(Beginning of PROVIDED MATERIAL)

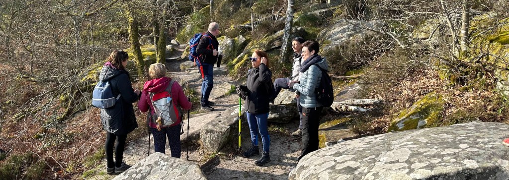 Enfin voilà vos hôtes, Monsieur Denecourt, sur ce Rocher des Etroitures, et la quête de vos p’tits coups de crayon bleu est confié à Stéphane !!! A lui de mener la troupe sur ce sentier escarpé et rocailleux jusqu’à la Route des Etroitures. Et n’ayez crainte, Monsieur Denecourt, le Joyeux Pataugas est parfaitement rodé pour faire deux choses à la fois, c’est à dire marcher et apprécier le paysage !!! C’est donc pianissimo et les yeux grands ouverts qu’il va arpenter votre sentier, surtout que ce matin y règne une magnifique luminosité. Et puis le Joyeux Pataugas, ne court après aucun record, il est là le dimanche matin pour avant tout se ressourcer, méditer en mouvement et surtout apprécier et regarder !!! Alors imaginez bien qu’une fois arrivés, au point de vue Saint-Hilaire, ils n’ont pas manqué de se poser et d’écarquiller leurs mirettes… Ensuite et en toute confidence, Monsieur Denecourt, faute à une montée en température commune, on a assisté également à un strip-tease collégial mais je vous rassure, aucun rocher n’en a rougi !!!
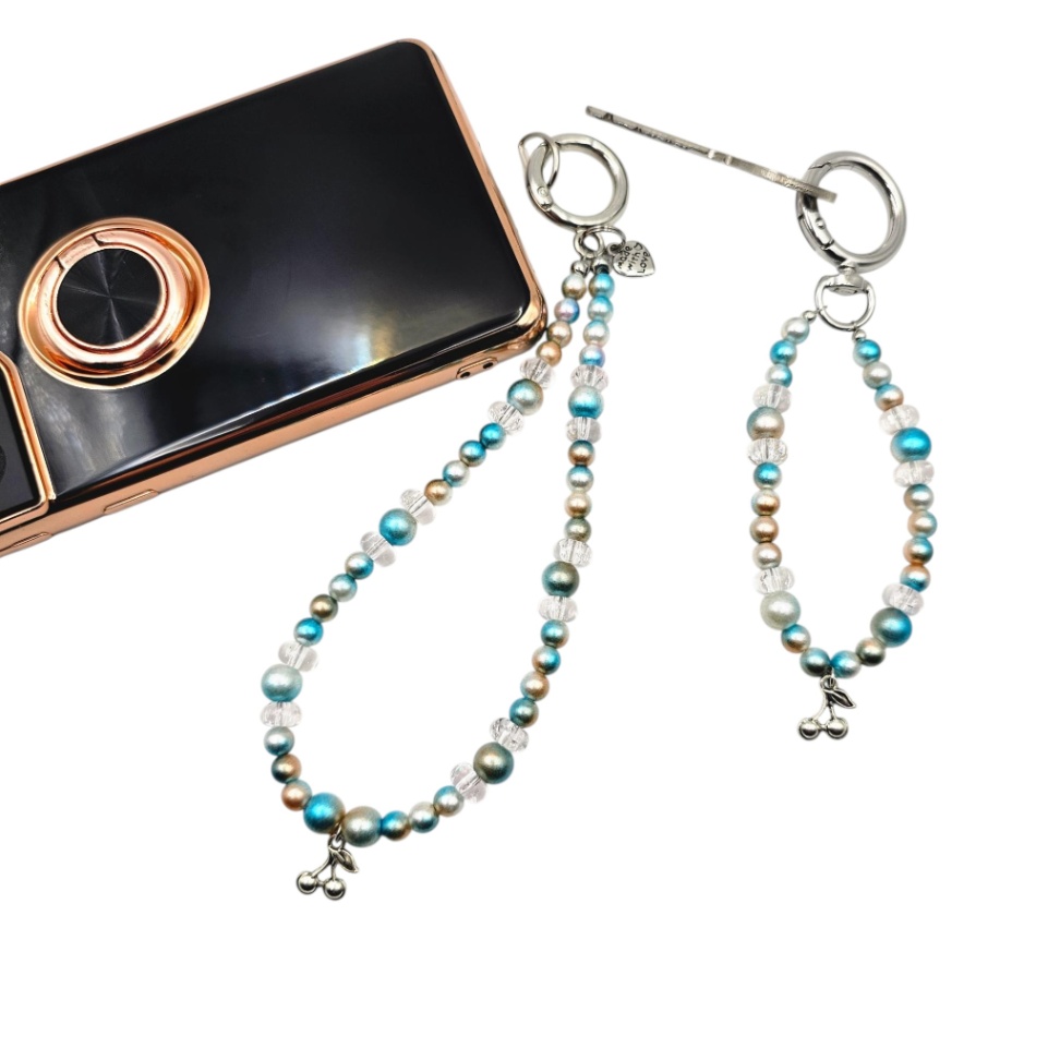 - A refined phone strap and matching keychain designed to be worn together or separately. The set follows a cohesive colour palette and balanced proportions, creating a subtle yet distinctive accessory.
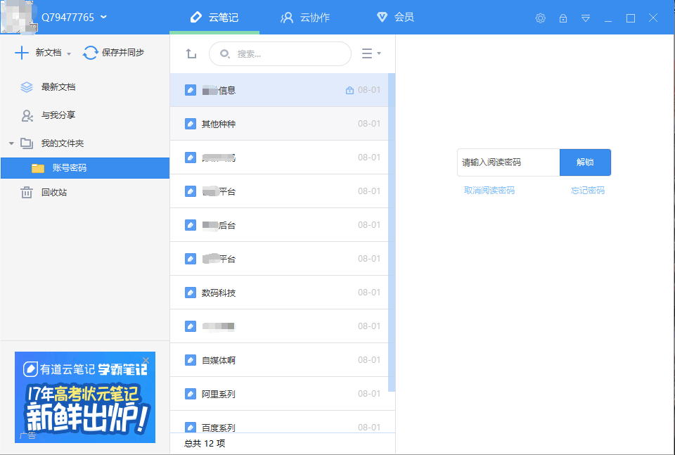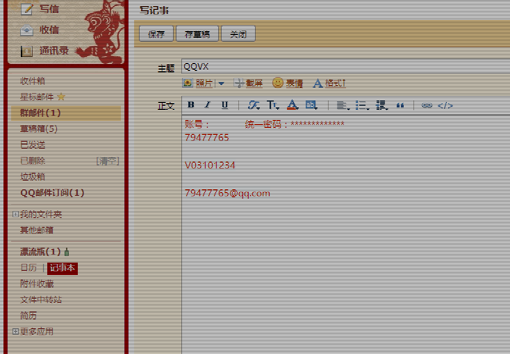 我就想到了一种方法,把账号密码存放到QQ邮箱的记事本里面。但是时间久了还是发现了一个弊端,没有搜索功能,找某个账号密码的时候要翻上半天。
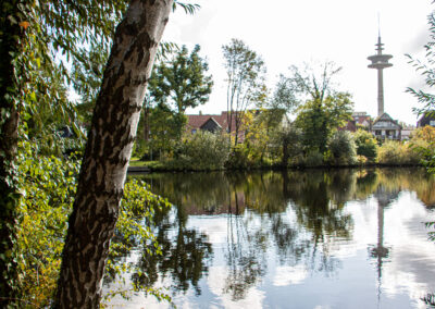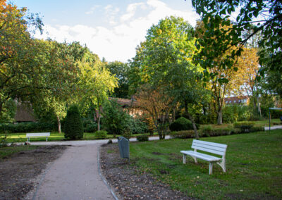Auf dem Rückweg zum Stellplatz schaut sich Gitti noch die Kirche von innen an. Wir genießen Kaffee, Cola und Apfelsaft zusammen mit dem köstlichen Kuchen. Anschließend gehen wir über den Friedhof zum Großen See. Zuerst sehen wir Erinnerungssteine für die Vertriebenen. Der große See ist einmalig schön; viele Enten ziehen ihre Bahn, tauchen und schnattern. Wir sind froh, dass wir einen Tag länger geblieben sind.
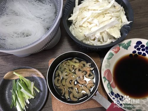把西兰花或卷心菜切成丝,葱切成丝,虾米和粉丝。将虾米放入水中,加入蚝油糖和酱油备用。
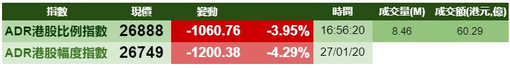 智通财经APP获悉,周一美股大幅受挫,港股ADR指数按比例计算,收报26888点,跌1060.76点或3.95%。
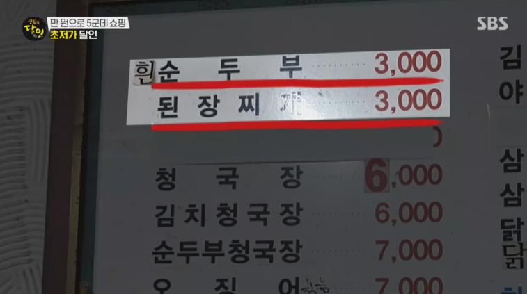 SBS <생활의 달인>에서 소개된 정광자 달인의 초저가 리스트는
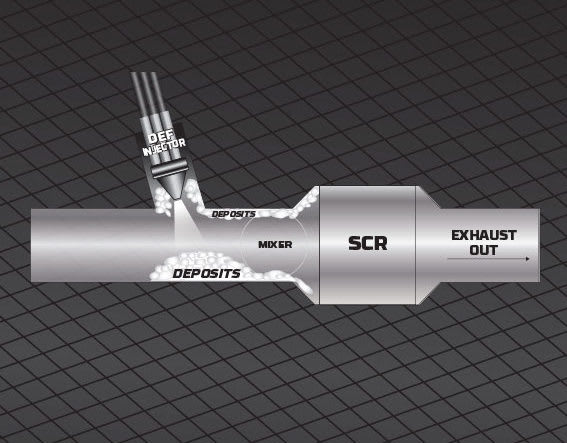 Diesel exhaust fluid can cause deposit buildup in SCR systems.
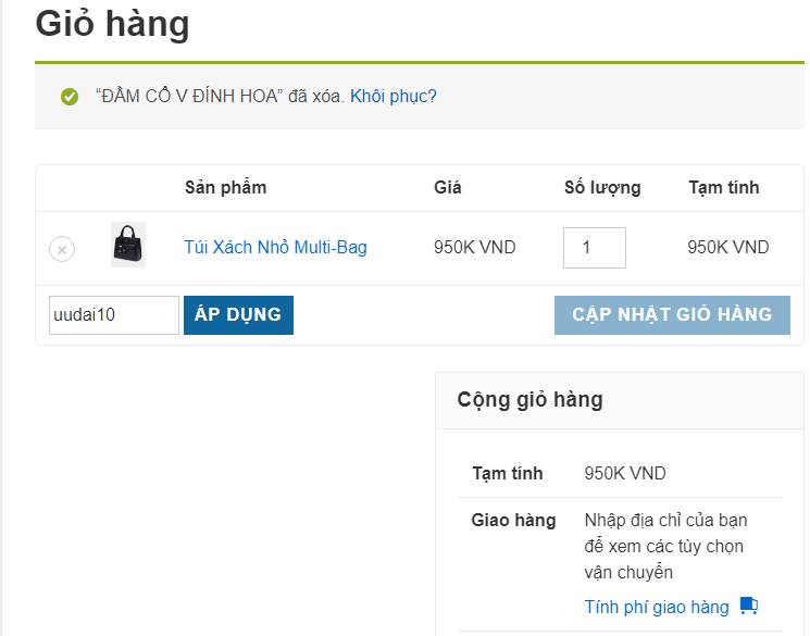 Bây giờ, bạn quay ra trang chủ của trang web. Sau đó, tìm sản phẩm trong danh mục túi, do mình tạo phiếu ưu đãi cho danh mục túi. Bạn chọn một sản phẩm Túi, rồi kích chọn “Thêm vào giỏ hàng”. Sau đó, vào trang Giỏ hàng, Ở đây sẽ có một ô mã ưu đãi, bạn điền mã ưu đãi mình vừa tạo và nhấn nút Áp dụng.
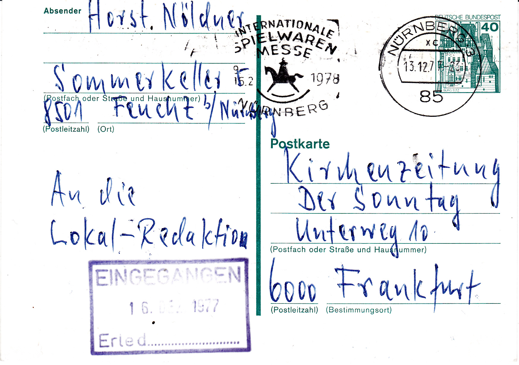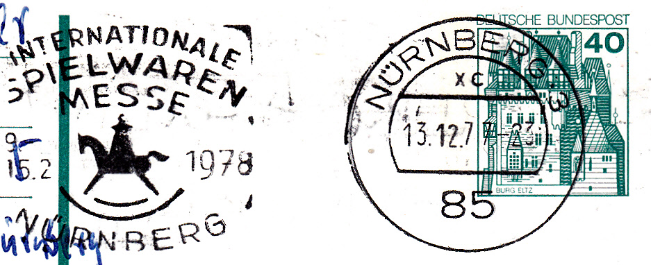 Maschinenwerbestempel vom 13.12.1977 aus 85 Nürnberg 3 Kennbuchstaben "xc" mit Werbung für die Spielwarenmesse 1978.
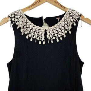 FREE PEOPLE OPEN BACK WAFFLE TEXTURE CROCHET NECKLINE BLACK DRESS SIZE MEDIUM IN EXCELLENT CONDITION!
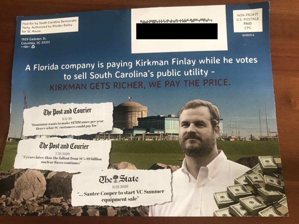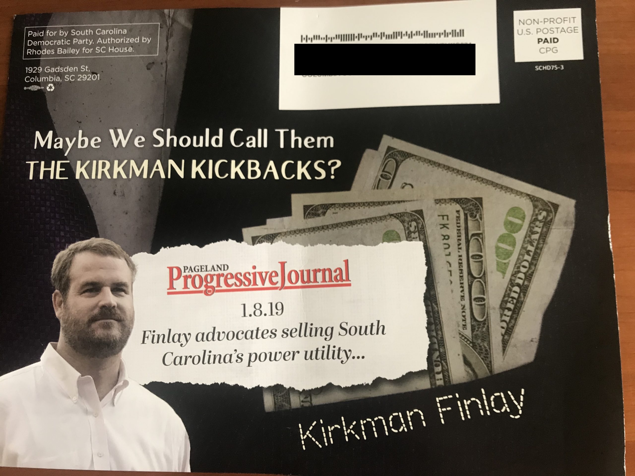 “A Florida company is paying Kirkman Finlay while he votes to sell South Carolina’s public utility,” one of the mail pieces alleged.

(End of PROVIDED MATERIAL)

Could you return exactly the lines starting with the one that contains "Maschinenwerbestempel vom 13.12.1977" and ending with the last line of the data above? Leave the pictures out.

 Maschinenwerbestempel vom 13.12.1977 aus 85 Nürnberg 3 Kennbuchstaben "xc" mit Werbung für die Spielwarenmesse 1978.
 FREE PEOPLE OPEN BACK WAFFLE TEXTURE CROCHET NECKLINE BLACK DRESS SIZE MEDIUM IN EXCELLENT CONDITION!
 “A Florida company is paying Kirkman Finlay while he votes to sell South Carolina’s public utility,” one of the mail pieces alleged.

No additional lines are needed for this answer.